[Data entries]
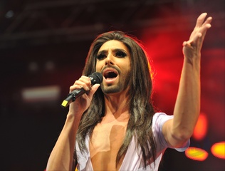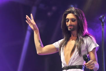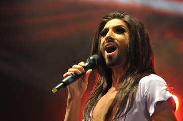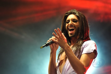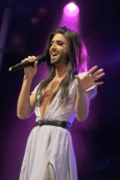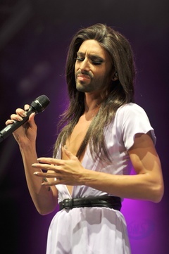 Conchita w glebokim dekolcie na scenie w Manchesterze
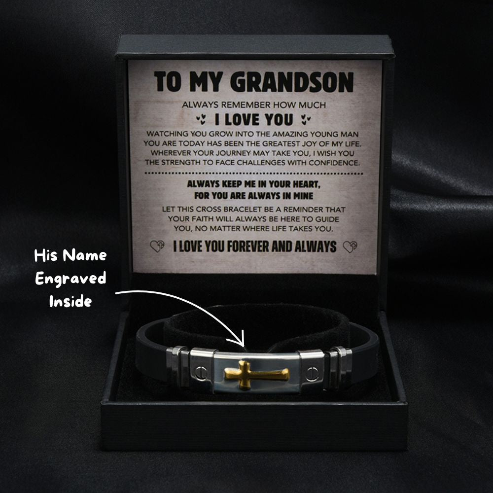 Chaque fois que votre petit-fils portera ce bracelet, il sentira votre amour et votre soutien l'entourer. C'est un rappel quotidien de votre affection indéfectible et de la foi qui le guide, peu importe où la vie le mène.
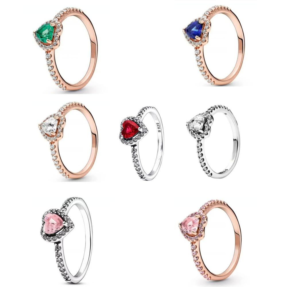 Кольцо из серебра 925 пробы с красным, розовым, белым, синим, зеленым сердцем, розовое золото, кольца для женщин с цирконом, оригинальный дизайн, искрящиеся кольца из циркония
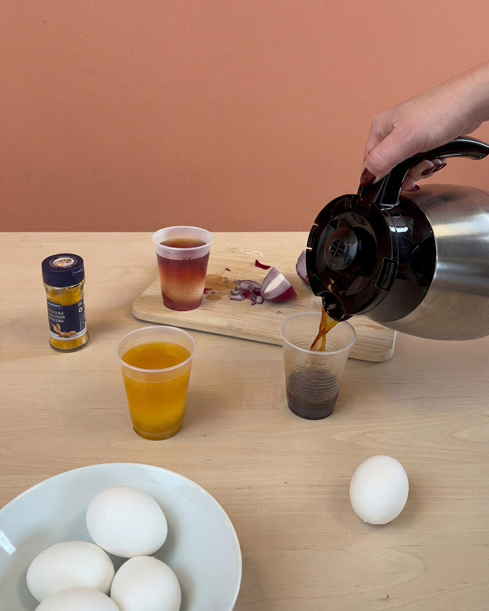 - Kog æggene som normalt. Vælg en naturlig råvare med en kraftig farve, fx blåbær, rødløg, gurkemeje, rødbede eller kaffe.
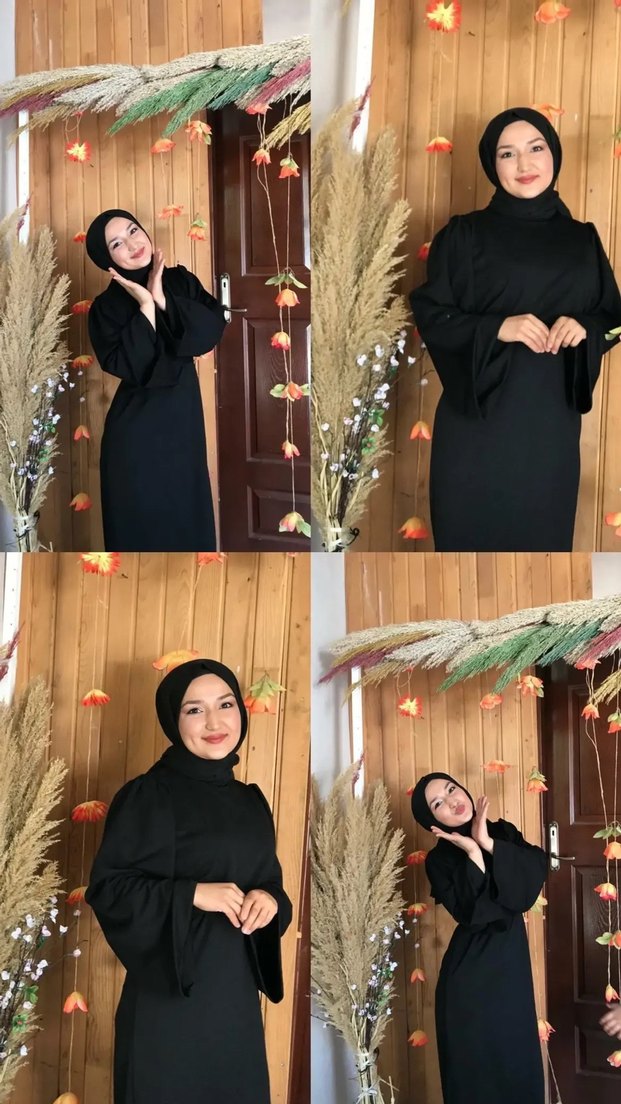 Bu siyah uzun elbise, yüksek yakalı ve uzun kolludur. İpeksi kumaştan, drapeli ve etnik desenlidir. Günlük kullanıma uygundur.
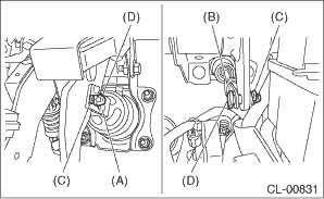 9. Loosen the clamp (C) which connects the air intake boot and throttle body.
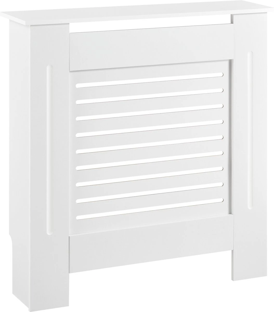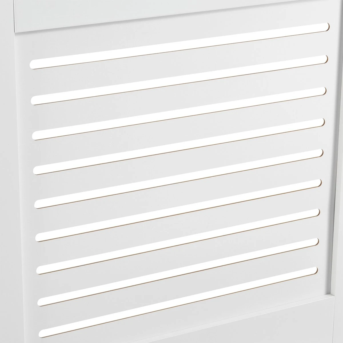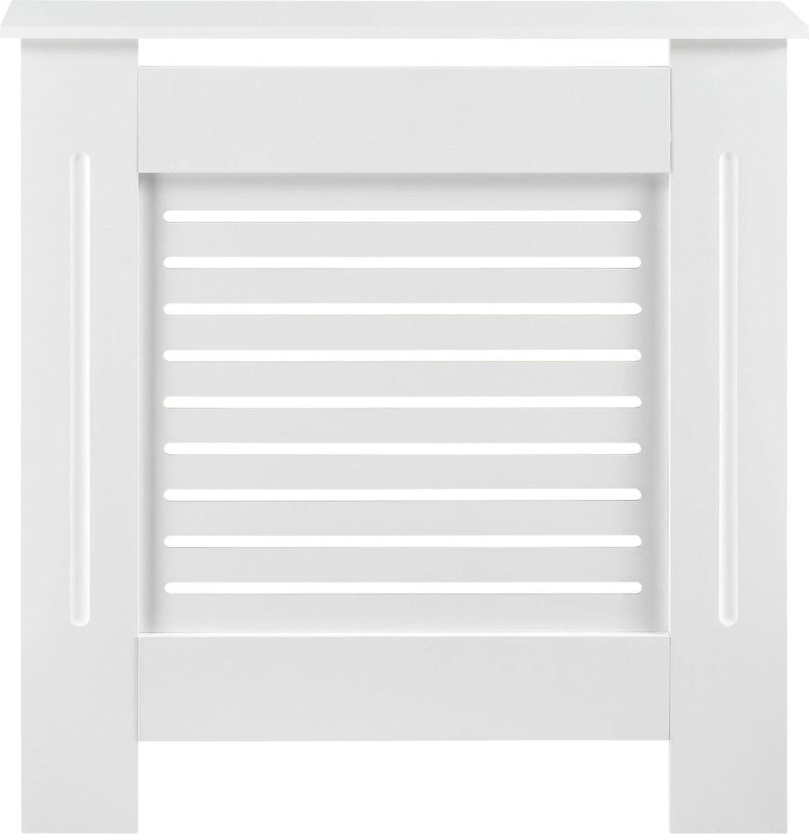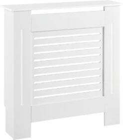 De praktische en decoratieve radiatorafdekking met lamellaire optiek kan snel en eenvoudig aan de muur worden bevestigd. Het verbergt lelijke radiatoren en biedt ook opbergruimte bovenop de radiator.

- **Work to complete**
Give back the records exactly, minus any pictures.

- **Result of this exercise**
 Conchita w glebokim dekolcie na scenie w Manchesterze
 Chaque fois que votre petit-fils portera ce bracelet, il sentira votre amour et votre soutien l'entourer. C'est un rappel quotidien de votre affection indéfectible et de la foi qui le guide, peu importe où la vie le mène.
 Кольцо из серебра 925 пробы с красным, розовым, белым, синим, зеленым сердцем, розовое золото, кольца для женщин с цирконом, оригинальный дизайн, искрящиеся кольца из циркония
 - Kog æggene som normalt. Vælg en naturlig råvare med en kraftig farve, fx blåbær, rødløg, gurkemeje, rødbede eller kaffe.
 Bu siyah uzun elbise, yüksek yakalı ve uzun kolludur. İpeksi kumaştan, drapeli ve etnik desenlidir. Günlük kullanıma uygundur.
 9. Loosen the clamp (C) which connects the air intake boot and throttle body.
 De praktische en decoratieve radiatorafdekking met lamellaire optiek kan snel en eenvoudig aan de muur worden bevestigd. Het verbergt lelijke radiatoren en biedt ook opbergruimte bovenop de radiator.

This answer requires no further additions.